SUPPLIED MATERIAL:
══════════════════════════════
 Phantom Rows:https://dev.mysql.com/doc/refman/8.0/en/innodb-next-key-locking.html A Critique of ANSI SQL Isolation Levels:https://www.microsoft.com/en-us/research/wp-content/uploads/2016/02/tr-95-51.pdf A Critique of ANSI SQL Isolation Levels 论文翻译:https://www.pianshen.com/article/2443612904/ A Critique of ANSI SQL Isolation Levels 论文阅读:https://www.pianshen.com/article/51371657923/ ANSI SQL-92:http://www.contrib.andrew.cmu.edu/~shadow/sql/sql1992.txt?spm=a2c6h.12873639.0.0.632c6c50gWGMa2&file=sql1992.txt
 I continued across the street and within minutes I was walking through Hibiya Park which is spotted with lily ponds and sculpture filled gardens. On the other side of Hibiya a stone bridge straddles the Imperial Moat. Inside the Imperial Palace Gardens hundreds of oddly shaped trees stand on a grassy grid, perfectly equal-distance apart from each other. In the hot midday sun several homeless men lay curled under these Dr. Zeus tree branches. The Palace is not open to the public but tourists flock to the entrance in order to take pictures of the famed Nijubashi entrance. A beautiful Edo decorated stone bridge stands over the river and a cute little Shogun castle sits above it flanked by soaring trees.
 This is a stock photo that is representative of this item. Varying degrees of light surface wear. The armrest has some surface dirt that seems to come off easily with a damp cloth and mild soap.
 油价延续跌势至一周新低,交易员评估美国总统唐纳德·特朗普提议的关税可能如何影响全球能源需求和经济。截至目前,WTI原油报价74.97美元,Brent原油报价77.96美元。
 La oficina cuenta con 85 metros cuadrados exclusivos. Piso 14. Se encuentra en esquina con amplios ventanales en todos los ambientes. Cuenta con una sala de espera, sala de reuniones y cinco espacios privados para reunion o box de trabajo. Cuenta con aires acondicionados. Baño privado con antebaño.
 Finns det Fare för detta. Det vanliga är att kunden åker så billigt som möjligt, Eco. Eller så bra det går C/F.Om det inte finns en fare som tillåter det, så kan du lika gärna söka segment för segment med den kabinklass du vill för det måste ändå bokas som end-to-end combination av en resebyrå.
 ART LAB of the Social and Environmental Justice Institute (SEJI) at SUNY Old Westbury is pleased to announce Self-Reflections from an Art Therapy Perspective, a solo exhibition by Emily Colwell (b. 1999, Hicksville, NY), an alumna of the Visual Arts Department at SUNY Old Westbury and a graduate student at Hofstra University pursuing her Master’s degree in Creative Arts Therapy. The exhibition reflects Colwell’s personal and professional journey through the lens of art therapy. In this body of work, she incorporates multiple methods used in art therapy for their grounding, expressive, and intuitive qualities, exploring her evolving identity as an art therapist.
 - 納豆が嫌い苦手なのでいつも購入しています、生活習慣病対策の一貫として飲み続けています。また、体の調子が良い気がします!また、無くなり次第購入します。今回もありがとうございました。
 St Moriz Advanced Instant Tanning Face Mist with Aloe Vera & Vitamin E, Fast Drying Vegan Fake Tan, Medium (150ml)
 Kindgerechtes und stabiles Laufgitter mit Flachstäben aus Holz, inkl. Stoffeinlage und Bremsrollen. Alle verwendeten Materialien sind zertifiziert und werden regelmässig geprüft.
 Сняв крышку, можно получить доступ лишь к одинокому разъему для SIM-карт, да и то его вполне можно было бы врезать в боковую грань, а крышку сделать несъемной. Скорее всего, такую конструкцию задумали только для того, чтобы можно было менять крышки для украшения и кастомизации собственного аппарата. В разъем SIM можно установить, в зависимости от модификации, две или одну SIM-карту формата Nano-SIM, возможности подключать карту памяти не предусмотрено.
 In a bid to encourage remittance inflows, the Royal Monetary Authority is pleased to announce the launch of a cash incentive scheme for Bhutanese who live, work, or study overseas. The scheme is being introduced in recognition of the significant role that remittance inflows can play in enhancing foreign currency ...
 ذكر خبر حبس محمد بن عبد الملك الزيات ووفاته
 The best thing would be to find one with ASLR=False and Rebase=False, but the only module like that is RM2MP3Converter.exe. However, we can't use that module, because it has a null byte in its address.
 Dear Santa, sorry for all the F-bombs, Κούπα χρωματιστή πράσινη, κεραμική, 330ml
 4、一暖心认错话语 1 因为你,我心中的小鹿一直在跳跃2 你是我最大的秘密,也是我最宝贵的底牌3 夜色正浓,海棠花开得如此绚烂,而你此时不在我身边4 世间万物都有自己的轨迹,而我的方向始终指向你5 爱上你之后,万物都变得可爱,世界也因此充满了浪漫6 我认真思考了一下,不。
══════════════════════════════
YOUR GOAL: The task requires an exact transcription of all the data.

RESPONSE TO THE TASK:
 Phantom Rows:https://dev.mysql.com/doc/refman/8.0/en/innodb-next-key-locking.html A Critique of ANSI SQL Isolation Levels:https://www.microsoft.com/en-us/research/wp-content/uploads/2016/02/tr-95-51.pdf A Critique of ANSI SQL Isolation Levels 论文翻译:https://www.pianshen.com/article/2443612904/ A Critique of ANSI SQL Isolation Levels 论文阅读:https://www.pianshen.com/article/51371657923/ ANSI SQL-92:http://www.contrib.andrew.cmu.edu/~shadow/sql/sql1992.txt?spm=a2c6h.12873639.0.0.632c6c50gWGMa2&file=sql1992.txt
 I continued across the street and within minutes I was walking through Hibiya Park which is spotted with lily ponds and sculpture filled gardens. On the other side of Hibiya a stone bridge straddles the Imperial Moat. Inside the Imperial Palace Gardens hundreds of oddly shaped trees stand on a grassy grid, perfectly equal-distance apart from each other. In the hot midday sun several homeless men lay curled under these Dr. Zeus tree branches. The Palace is not open to the public but tourists flock to the entrance in order to take pictures of the famed Nijubashi entrance. A beautiful Edo decorated stone bridge stands over the river and a cute little Shogun castle sits above it flanked by soaring trees.
 This is a stock photo that is representative of this item. Varying degrees of light surface wear. The armrest has some surface dirt that seems to come off easily with a damp cloth and mild soap.
 油价延续跌势至一周新低,交易员评估美国总统唐纳德·特朗普提议的关税可能如何影响全球能源需求和经济。截至目前,WTI原油报价74.97美元,Brent原油报价77.96美元。
 La oficina cuenta con 85 metros cuadrados exclusivos. Piso 14. Se encuentra en esquina con amplios ventanales en todos los ambientes. Cuenta con una sala de espera, sala de reuniones y cinco espacios privados para reunion o box de trabajo. Cuenta con aires acondicionados. Baño privado con antebaño.
 Finns det Fare för detta. Det vanliga är att kunden åker så billigt som möjligt, Eco. Eller så bra det går C/F.Om det inte finns en fare som tillåter det, så kan du lika gärna söka segment för segment med den kabinklass du vill för det måste ändå bokas som end-to-end combination av en resebyrå.
 ART LAB of the Social and Environmental Justice Institute (SEJI) at SUNY Old Westbury is pleased to announce Self-Reflections from an Art Therapy Perspective, a solo exhibition by Emily Colwell (b. 1999, Hicksville, NY), an alumna of the Visual Arts Department at SUNY Old Westbury and a graduate student at Hofstra University pursuing her Master’s degree in Creative Arts Therapy. The exhibition reflects Colwell’s personal and professional journey through the lens of art therapy. In this body of work, she incorporates multiple methods used in art therapy for their grounding, expressive, and intuitive qualities, exploring her evolving identity as an art therapist.
 - 納豆が嫌い苦手なのでいつも購入しています、生活習慣病対策の一貫として飲み続けています。また、体の調子が良い気がします!また、無くなり次第購入します。今回もありがとうございました。
 St Moriz Advanced Instant Tanning Face Mist with Aloe Vera & Vitamin E, Fast Drying Vegan Fake Tan, Medium (150ml)
 Kindgerechtes und stabiles Laufgitter mit Flachstäben aus Holz, inkl. Stoffeinlage und Bremsrollen. Alle verwendeten Materialien sind zertifiziert und werden regelmässig geprüft.
 Сняв крышку, можно получить доступ лишь к одинокому разъему для SIM-карт, да и то его вполне можно было бы врезать в боковую грань, а крышку сделать несъемной. Скорее всего, такую конструкцию задумали только для того, чтобы можно было менять крышки для украшения и кастомизации собственного аппарата. В разъем SIM можно установить, в зависимости от модификации, две или одну SIM-карту формата Nano-SIM, возможности подключать карту памяти не предусмотрено.
 In a bid to encourage remittance inflows, the Royal Monetary Authority is pleased to announce the launch of a cash incentive scheme for Bhutanese who live, work, or study overseas. The scheme is being introduced in recognition of the significant role that remittance inflows can play in enhancing foreign currency ...
 ذكر خبر حبس محمد بن عبد الملك الزيات ووفاته
 The best thing would be to find one with ASLR=False and Rebase=False, but the only module like that is RM2MP3Converter.exe. However, we can't use that module, because it has a null byte in its address.
 Dear Santa, sorry for all the F-bombs, Κούπα χρωματιστή πράσινη, κεραμική, 330ml
 4、一暖心认错话语 1 因为你,我心中的小鹿一直在跳跃2 你是我最大的秘密,也是我最宝贵的底牌3 夜色正浓,海棠花开得如此绚烂,而你此时不在我身边4 世间万物都有自己的轨迹,而我的方向始终指向你5 爱上你之后,万物都变得可爱,世界也因此充满了浪漫6 我认真思考了一下,不。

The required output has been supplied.